● **PROVIDED DATA**

★ ★ ★ ★

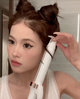 STEP 6:最后用粗一点的卷发棒卷鬓角碎发,烫出弧度更有俏皮灵动之感~
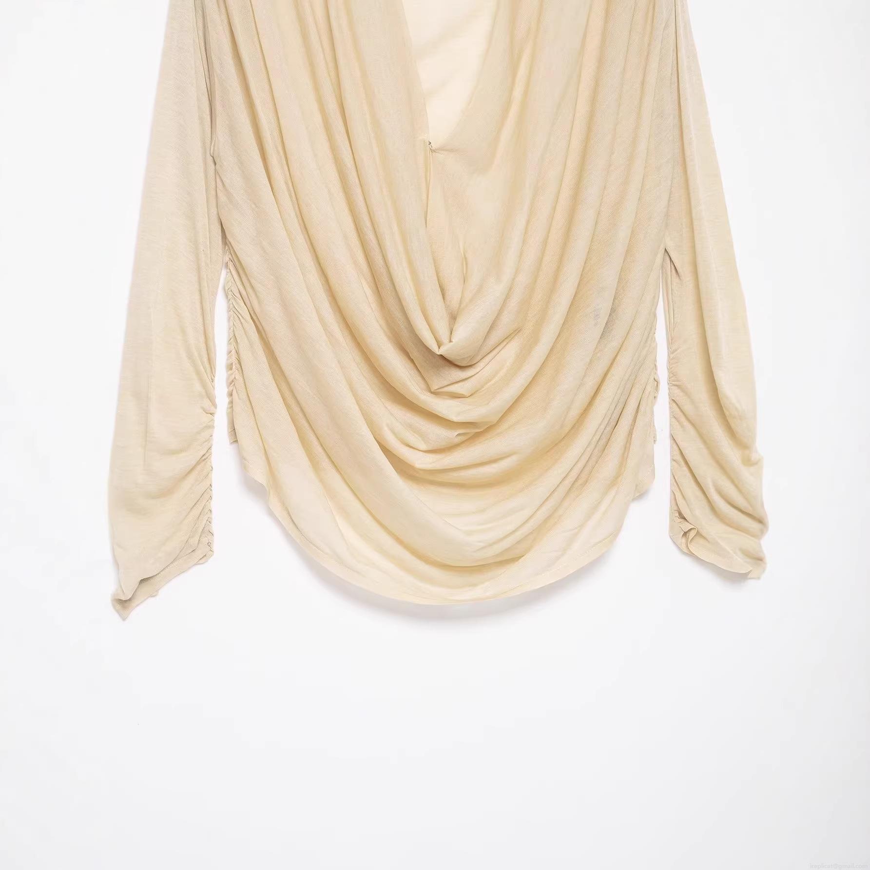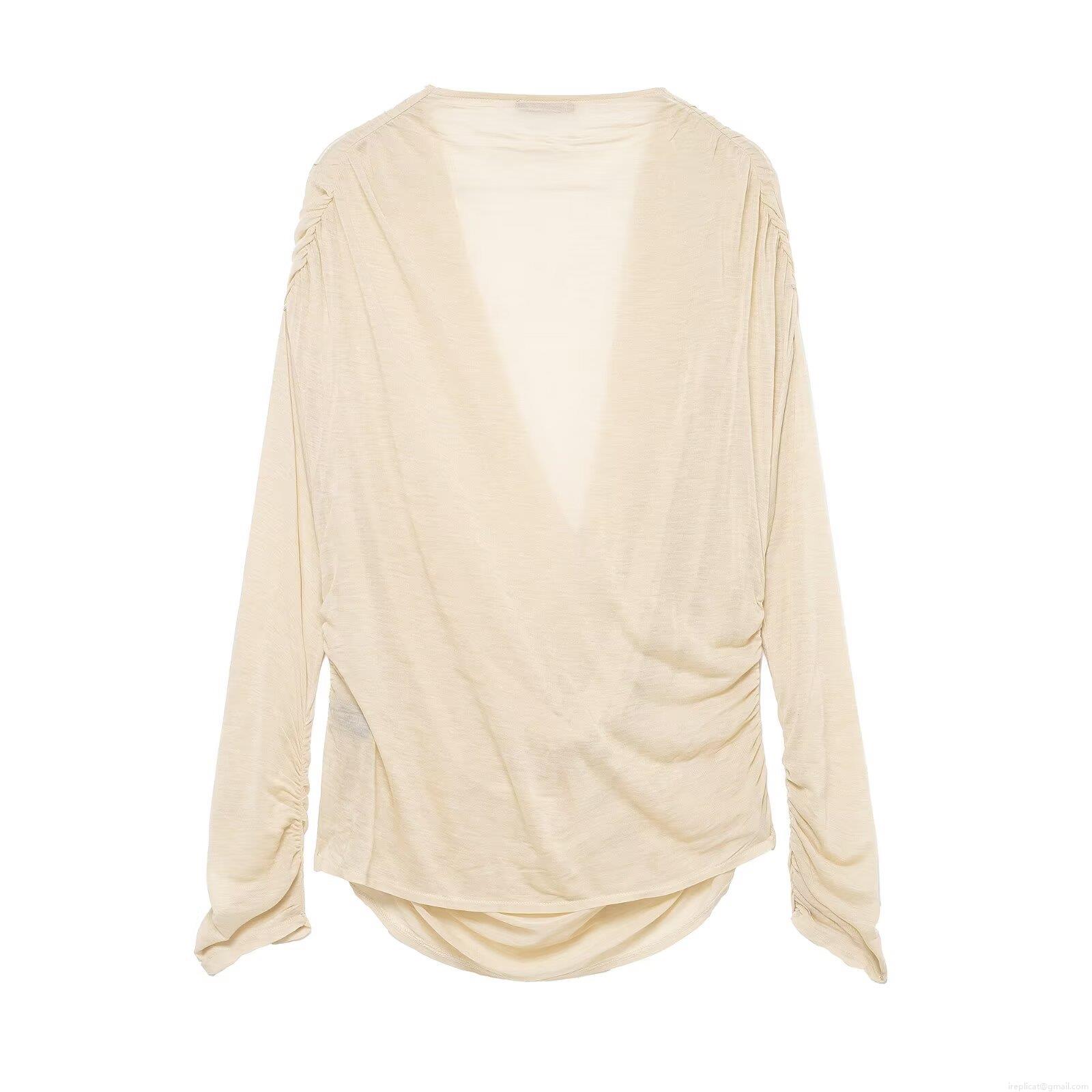 • Women's Elegant Draped V-Neck Long Sleeve T-Shirt Ruched Polyester Top For Daily Commute Casual Chic Loose Blouse Streetwear
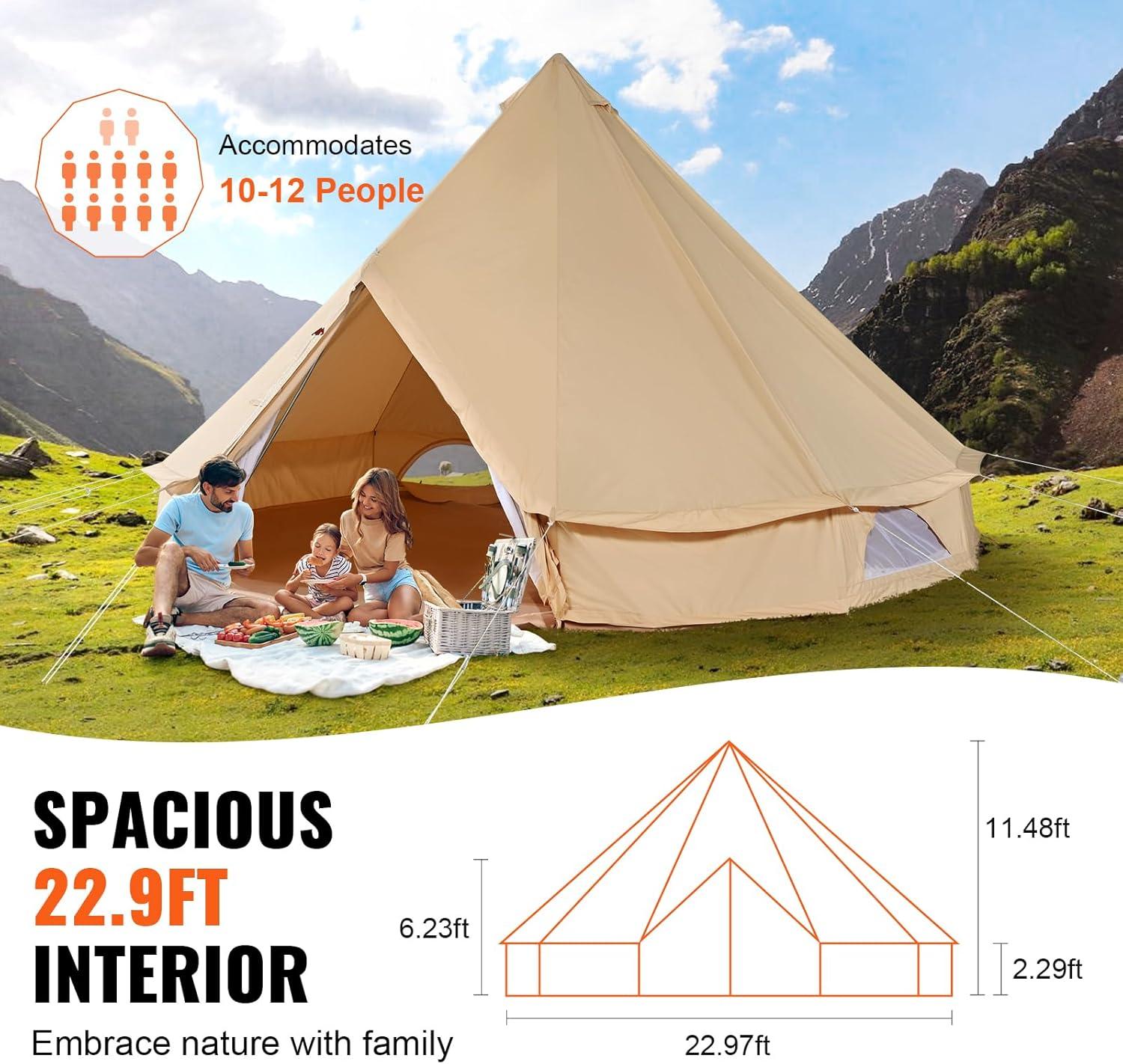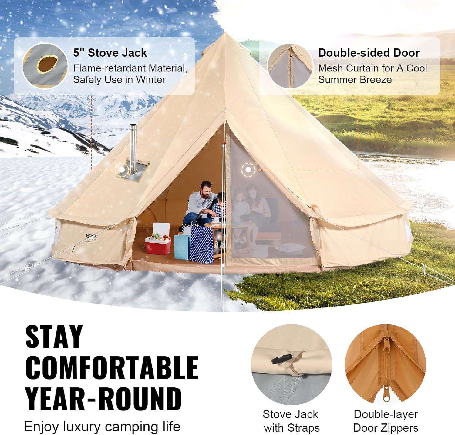 VEVOR Canvas Tent Bell, Yurt 4 Seasons for Camping with Stove Jack, Breathable Holds up to 4 People, Family Camping Outdoor Hunting Party(7m/22.97ft)
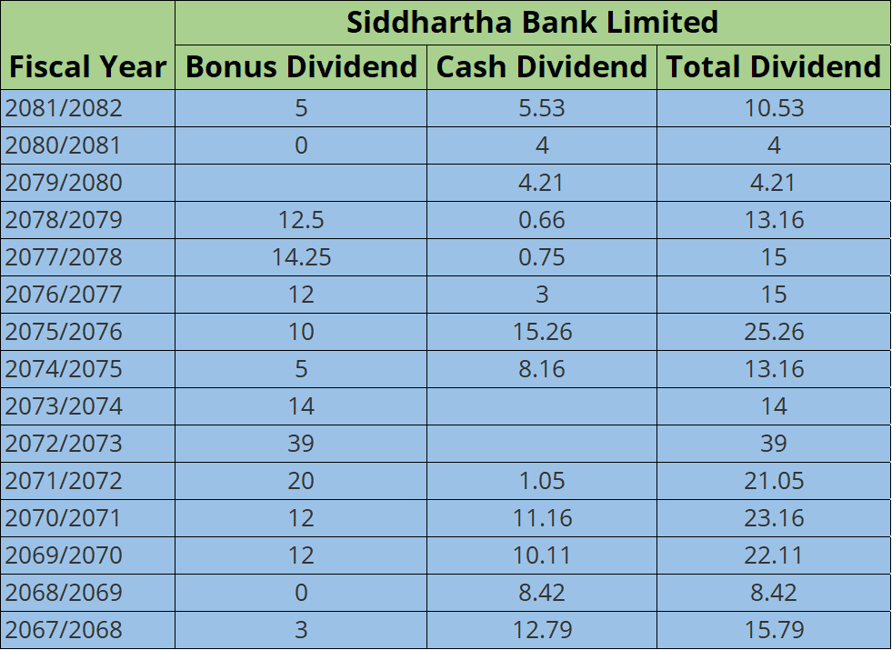 बैंकले यस लाभांशमार्फत शेयरधनीहरूलाई पूँजीगत लाभ र नगद दुवै किसिमको प्रतिफल दिने भएको छ। साथै, बैंकले आगामी वर्षमा यसभन्दा दोब्बर लाभांश वितरण गर्ने क्षमता रहेको छ। ऋणपत्र परिपक्व हुँदै गएसँगै बैंकका शेयरधनीका लागि आगामी दिनहरू थप आशाजनक हुने देखिएको छ। हाल सिद्धार्थ बैंकको शेयर मूल्य ३५३ रुपैयाँमा कारोबार भइरहेको छ।

★ ★ ★ ★

Transcribe, word for word, only the material from its opening line through the line containing "VEVOR Canvas Tent", both ends included, and omit the pictures.

 STEP 6:最后用粗一点的卷发棒卷鬓角碎发,烫出弧度更有俏皮灵动之感~
 • Women's Elegant Draped V-Neck Long Sleeve T-Shirt Ruched Polyester Top For Daily Commute Casual Chic Loose Blouse Streetwear
 VEVOR Canvas Tent Bell, Yurt 4 Seasons for Camping with Stove Jack, Breathable Holds up to 4 People, Family Camping Outdoor Hunting Party(7m/22.97ft)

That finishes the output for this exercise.